Find the line with "在科罗拉多州,《梅拉尼娅》这部电影一共就卖出了两张票。" in the entries below, then output every line from it down to the line with "家庭科の時間、エプロンつくり", exactly and with no pictures.

-- AVAILABLE DATA follows --

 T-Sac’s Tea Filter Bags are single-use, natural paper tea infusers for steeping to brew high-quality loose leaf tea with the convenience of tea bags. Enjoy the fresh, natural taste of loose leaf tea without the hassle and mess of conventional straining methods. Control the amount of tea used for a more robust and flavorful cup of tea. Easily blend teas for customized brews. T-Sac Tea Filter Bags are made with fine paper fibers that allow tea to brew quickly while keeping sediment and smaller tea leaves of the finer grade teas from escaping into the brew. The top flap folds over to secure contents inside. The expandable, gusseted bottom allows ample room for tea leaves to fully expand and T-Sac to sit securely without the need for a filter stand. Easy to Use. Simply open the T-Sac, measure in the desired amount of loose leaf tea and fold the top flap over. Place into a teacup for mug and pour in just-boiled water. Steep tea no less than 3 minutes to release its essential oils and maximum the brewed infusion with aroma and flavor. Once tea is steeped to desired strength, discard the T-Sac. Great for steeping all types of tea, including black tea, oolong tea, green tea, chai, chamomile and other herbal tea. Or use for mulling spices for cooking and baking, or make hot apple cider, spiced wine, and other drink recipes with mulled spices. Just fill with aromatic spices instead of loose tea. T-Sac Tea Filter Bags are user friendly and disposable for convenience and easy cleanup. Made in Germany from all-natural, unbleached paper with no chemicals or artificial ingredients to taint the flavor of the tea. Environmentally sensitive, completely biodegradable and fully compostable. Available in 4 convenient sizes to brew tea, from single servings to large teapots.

-- AVAILABLE DATA concluded --
-- AVAILABLE DATA follows --

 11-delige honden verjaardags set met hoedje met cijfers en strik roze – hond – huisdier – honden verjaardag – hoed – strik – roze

-- AVAILABLE DATA concluded --
-- AVAILABLE DATA follows --

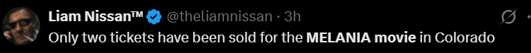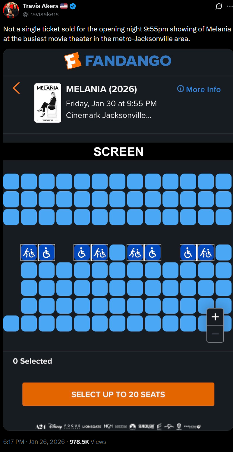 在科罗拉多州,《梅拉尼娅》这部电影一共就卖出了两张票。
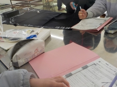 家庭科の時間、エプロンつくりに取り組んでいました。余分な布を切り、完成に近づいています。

-- AVAILABLE DATA concluded --

EXERCISE SOLUTION:
 在科罗拉多州,《梅拉尼娅》这部电影一共就卖出了两张票。
 家庭科の時間、エプロンつくりに取り組んでいました。余分な布を切り、完成に近づいています。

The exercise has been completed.